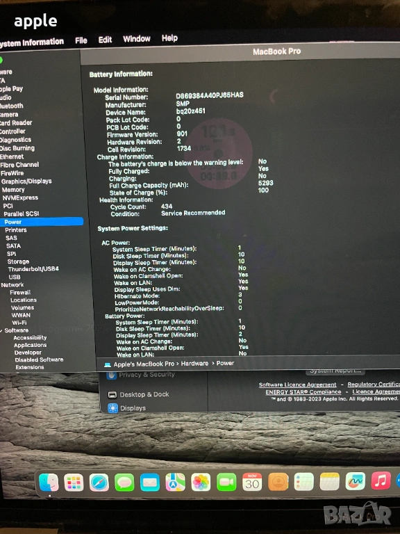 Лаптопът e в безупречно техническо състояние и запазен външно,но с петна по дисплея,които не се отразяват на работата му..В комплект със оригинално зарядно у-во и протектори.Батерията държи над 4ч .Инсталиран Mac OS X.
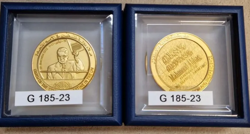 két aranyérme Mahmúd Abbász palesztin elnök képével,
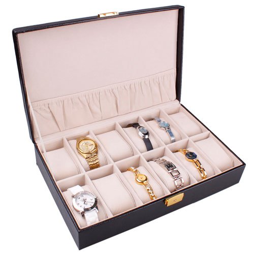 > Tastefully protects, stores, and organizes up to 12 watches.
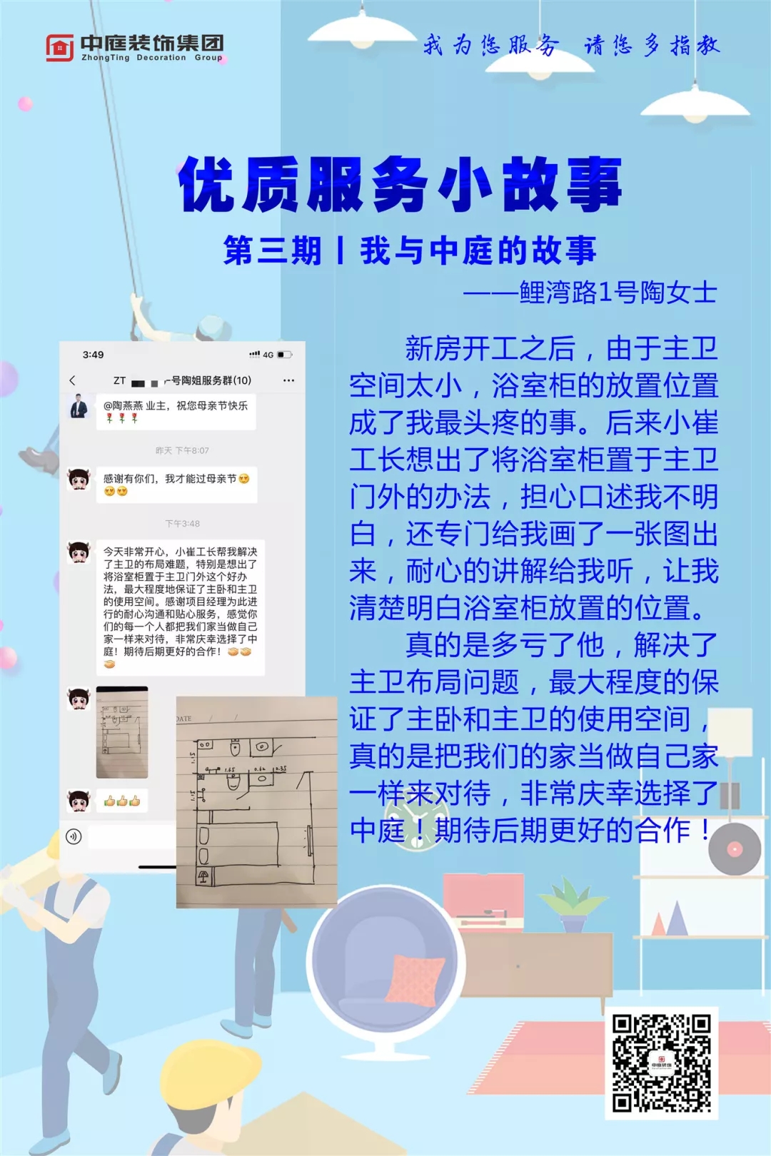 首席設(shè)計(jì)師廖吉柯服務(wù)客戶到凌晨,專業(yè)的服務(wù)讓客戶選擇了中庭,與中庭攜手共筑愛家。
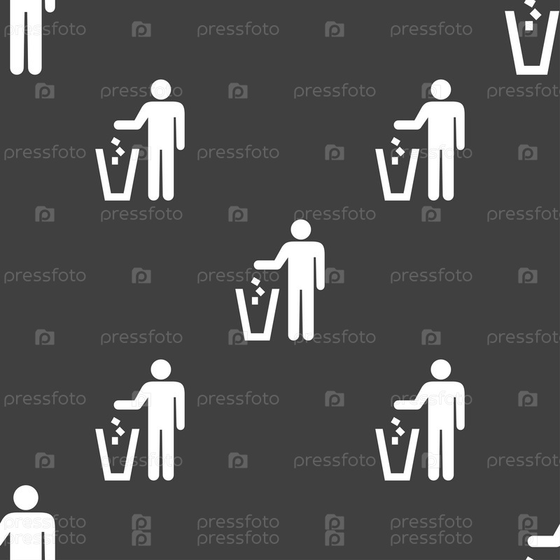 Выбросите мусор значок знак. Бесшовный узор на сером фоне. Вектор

◆ ◆ ◆ ◆ ◆

→ **Exercise**: Set down the material above as is, without any pictures.

→ **Completed task**:
 Лаптопът e в безупречно техническо състояние и запазен външно,но с петна по дисплея,които не се отразяват на работата му..В комплект със оригинално зарядно у-во и протектори.Батерията държи над 4ч .Инсталиран Mac OS X.
 két aranyérme Mahmúd Abbász palesztin elnök képével,
 > Tastefully protects, stores, and organizes up to 12 watches.
 首席設(shè)計(jì)師廖吉柯服務(wù)客戶到凌晨,專業(yè)的服務(wù)讓客戶選擇了中庭,與中庭攜手共筑愛家。
 Выбросите мусор значок знак. Бесшовный узор на сером фоне. Вектор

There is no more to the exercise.